NAja macht ncihts, jetz musste halt wieder alles rückgängig machen, es scheint das du /dev/ nicht in /mnt/gentoo/dev gemountet hast.

----------

## KickaZz

Ich wusste nicht zu dem zeitpunkt nicht wo ich es dauerhaft editieren konnte. Also hatte ich mir gedacht bootest knoppix und kannst gucken wie es geht und direkt umstellen als gucken aufschreiben gentoo booten dann editieren. Das war halt die faulheit

 :Embarassed: 

Edit:

Hab nochmal knoppix gebootet. Stimmt ich hatte vergessen /dev und /proc zu mounten. Jetzt bin ich in der chroot umgebung von gentoo über knoppix ohne fehler.

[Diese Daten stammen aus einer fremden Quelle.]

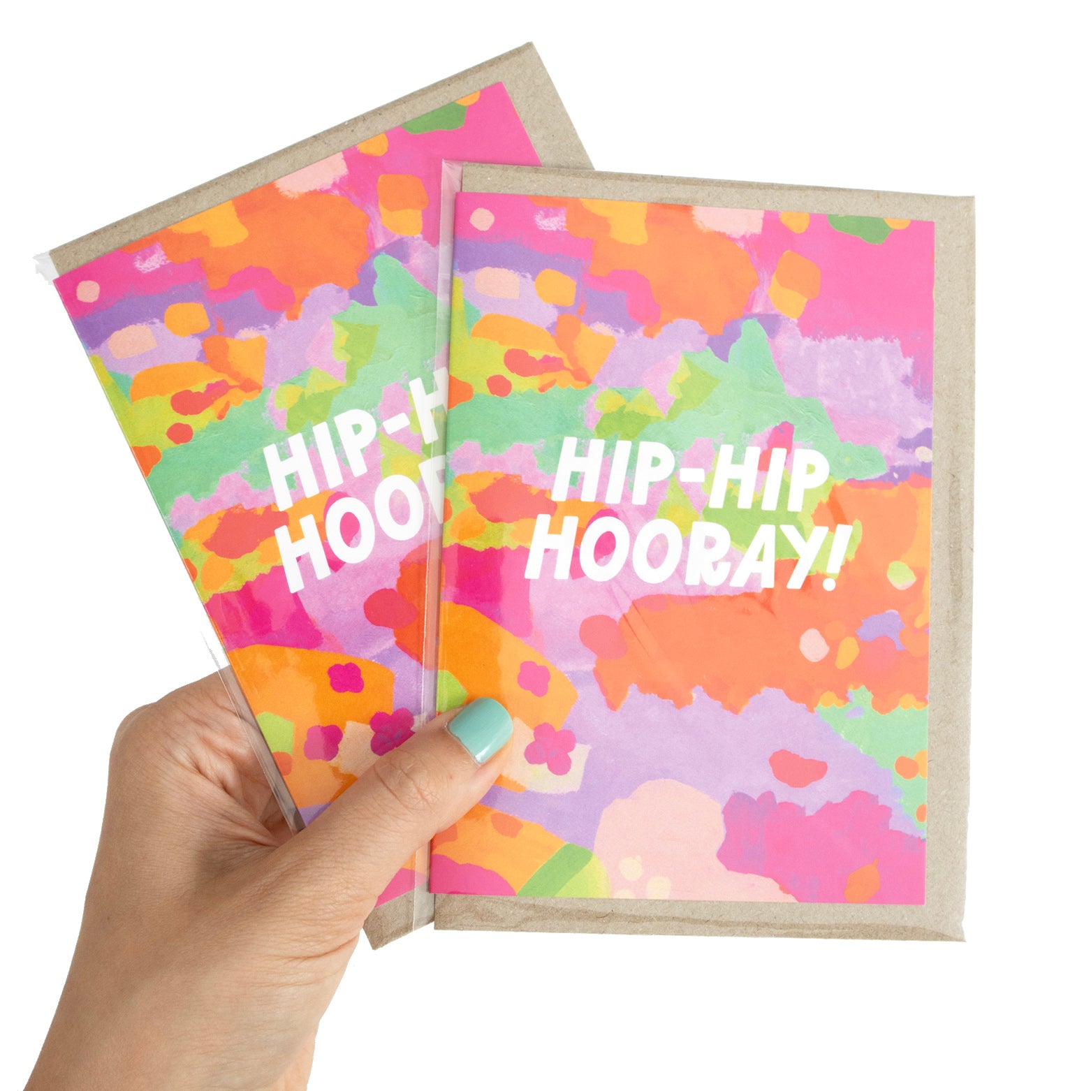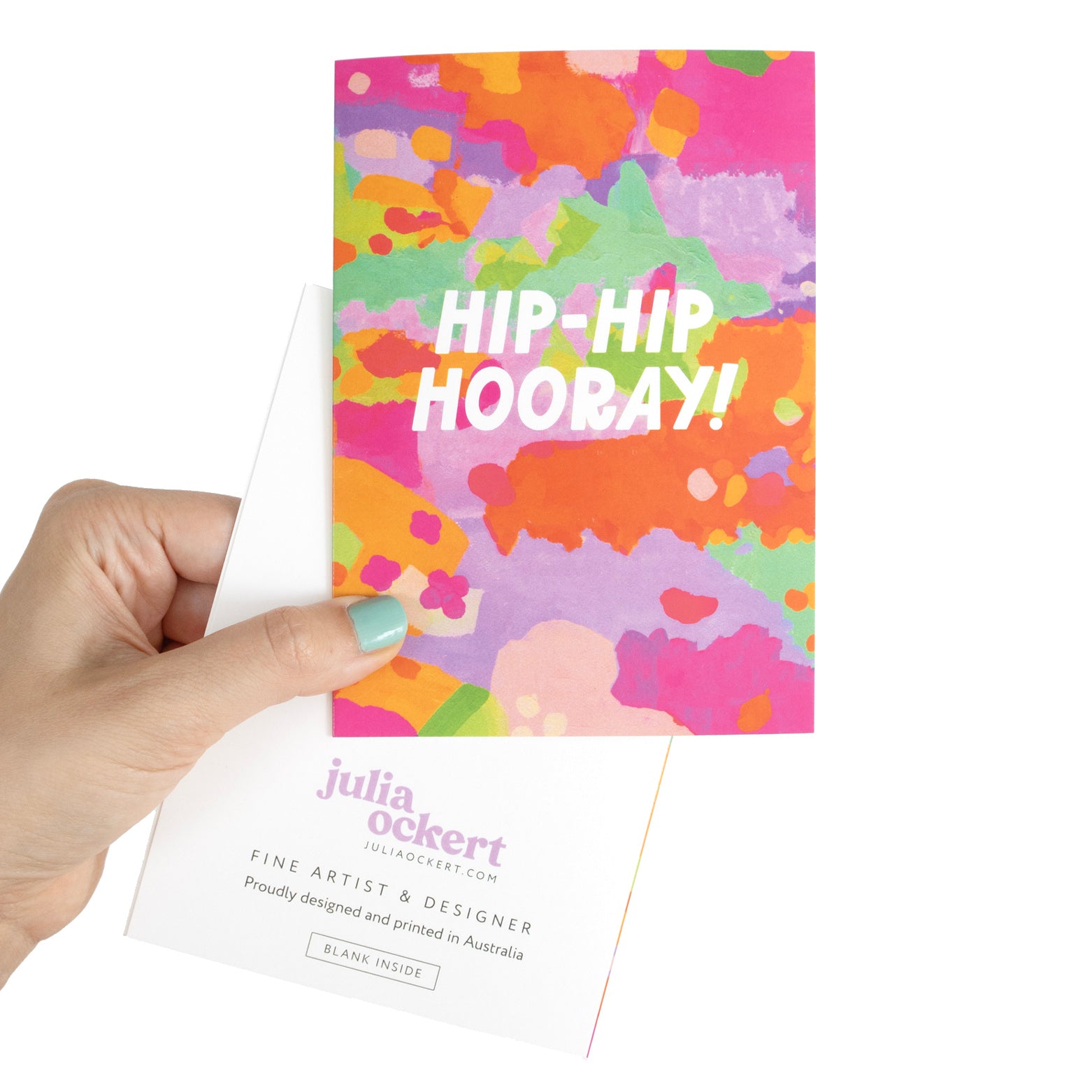 Hip-Hip Hooray! This vibrant card is perfect for celebrating any occasion - Birthdays, Engagements, Graduations, Anniversaries, Retirements! You name it. This artwork was painted and designed by me and printed in Australia.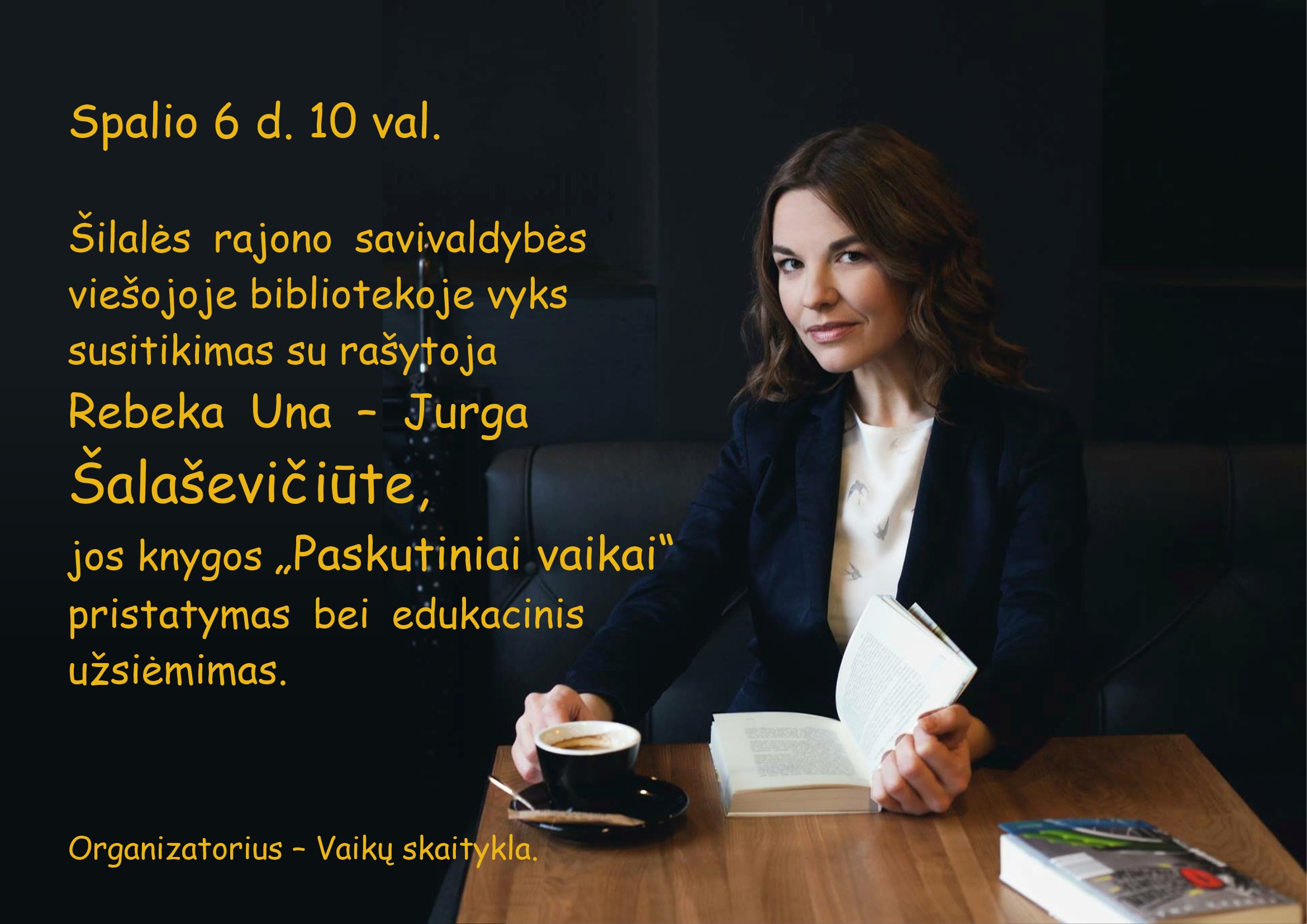 Spalio 6 d. 10 val. Šilalės rajono savivaldybės viešojoje bibliotekoje vyks susitikimas su rašytoja Rebeka Una – Jurga Šalaševičiūte, jos knygos „Paskutiniai vaikai“ pristatymas bei edukacinis užsiėmimas.

Ich wollte das passwort mit passwd ändern jetzt sagt der mir den fehler:

passwd: Fehler beim Ändern des Authentifizierungs-Token

----------

## ChrisJumper

 *Quote:*   

>  chroot /mnt/gentoo /bin/bash
> 
> # env-update
> 
> >> Regenerating /etc/ld.so.cache...
> ...

 

Hast du auch nach dem Chroot an das env-update und source /etc/profile gedacht?

----------

## KickaZz

Nein natürlich nicht.  Ich hatte dann mal in der /etc/passwd gefummelt. Na danach ging auf einmal nix mehr. Bin jetzt wieder dabei neu zu installieren ;(((( Trotzdem danke an alle die mir helfen wollten.

Mfg 

Kick

----------